• TASK INSTRUCTIONS: Restate all the entries exactly as they appear, apart from the pictures.

(Stored data entries)
--------------------

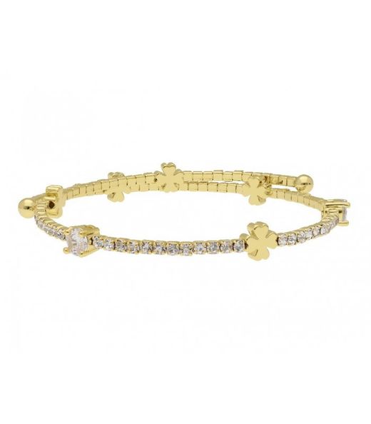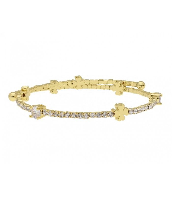 Pulseira feminina Liska em aço dourado BL022BR-D com zircônia e trevo
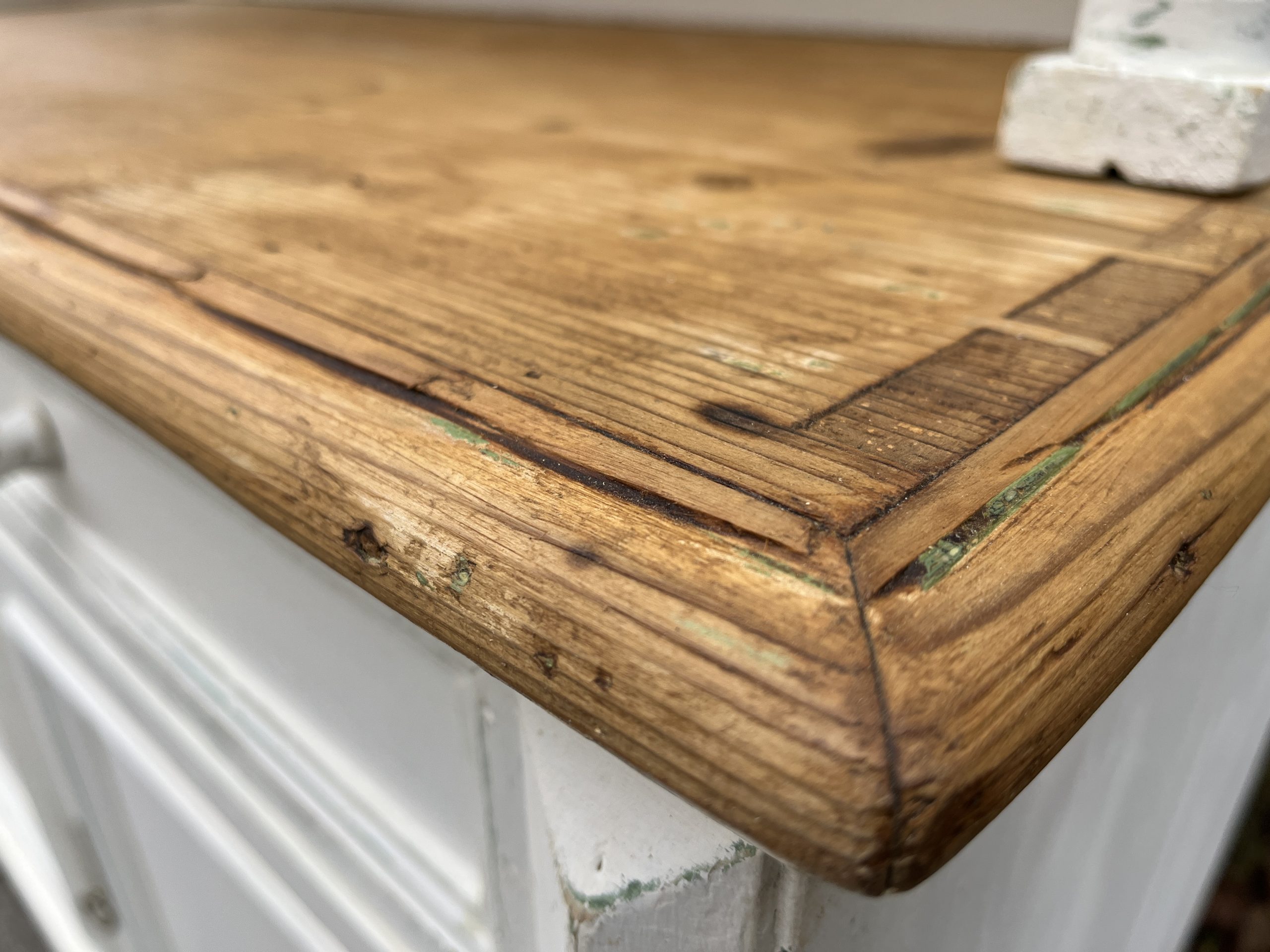 – hier und da schimmert die alte grüne Originalfarbe durch, was den authentischen Charakter unterstützt
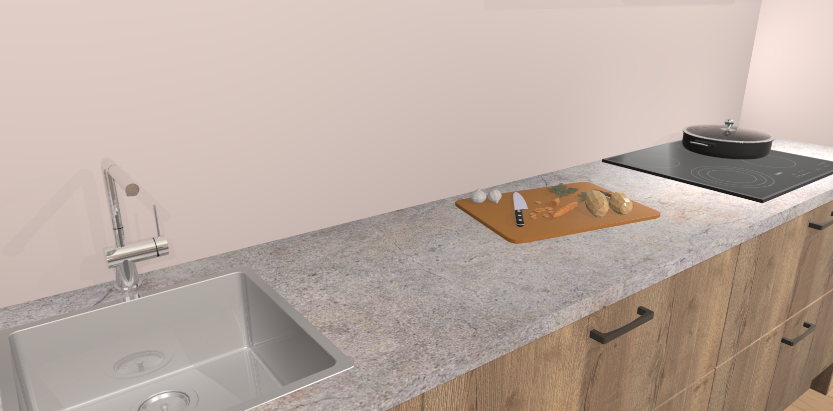- Uitsparing van kookplaat, spoelbak en kraan dient u zelf te verzorgen.
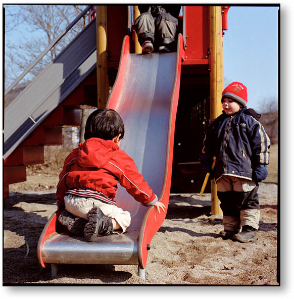 まずはプラナー110ミリで撮った写真から。たくさんの子供達と一緒に、楽しく遊ぶモユル。後がつかえているから急がないとね〜。
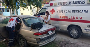 Un sujeto que ocasionó un choque con un carro de ruta acuchilló a su conductor y después tomó como rehén a una mujer al interior de una farmacia en la colonia Altamira Sector 4 en el municipio de Altamira, a la cual amenazó con un cuchillo en el cuello.
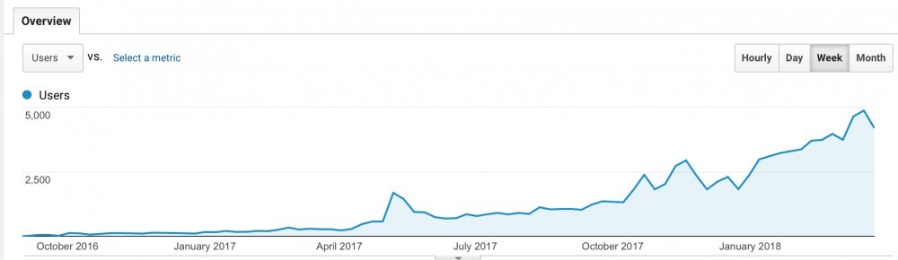 The cover image up top is the Google Analytics for the month of March (by day) and this is the 19 month trend (by week):

--------------------

• EXPECTED ANSWER:
 Pulseira feminina Liska em aço dourado BL022BR-D com zircônia e trevo
 – hier und da schimmert die alte grüne Originalfarbe durch, was den authentischen Charakter unterstützt
- Uitsparing van kookplaat, spoelbak en kraan dient u zelf te verzorgen.
 まずはプラナー110ミリで撮った写真から。たくさんの子供達と一緒に、楽しく遊ぶモユル。後がつかえているから急がないとね〜。
 Un sujeto que ocasionó un choque con un carro de ruta acuchilló a su conductor y después tomó como rehén a una mujer al interior de una farmacia en la colonia Altamira Sector 4 en el municipio de Altamira, a la cual amenazó con un cuchillo en el cuello.
 The cover image up top is the Google Analytics for the month of March (by day) and this is the 19 month trend (by week):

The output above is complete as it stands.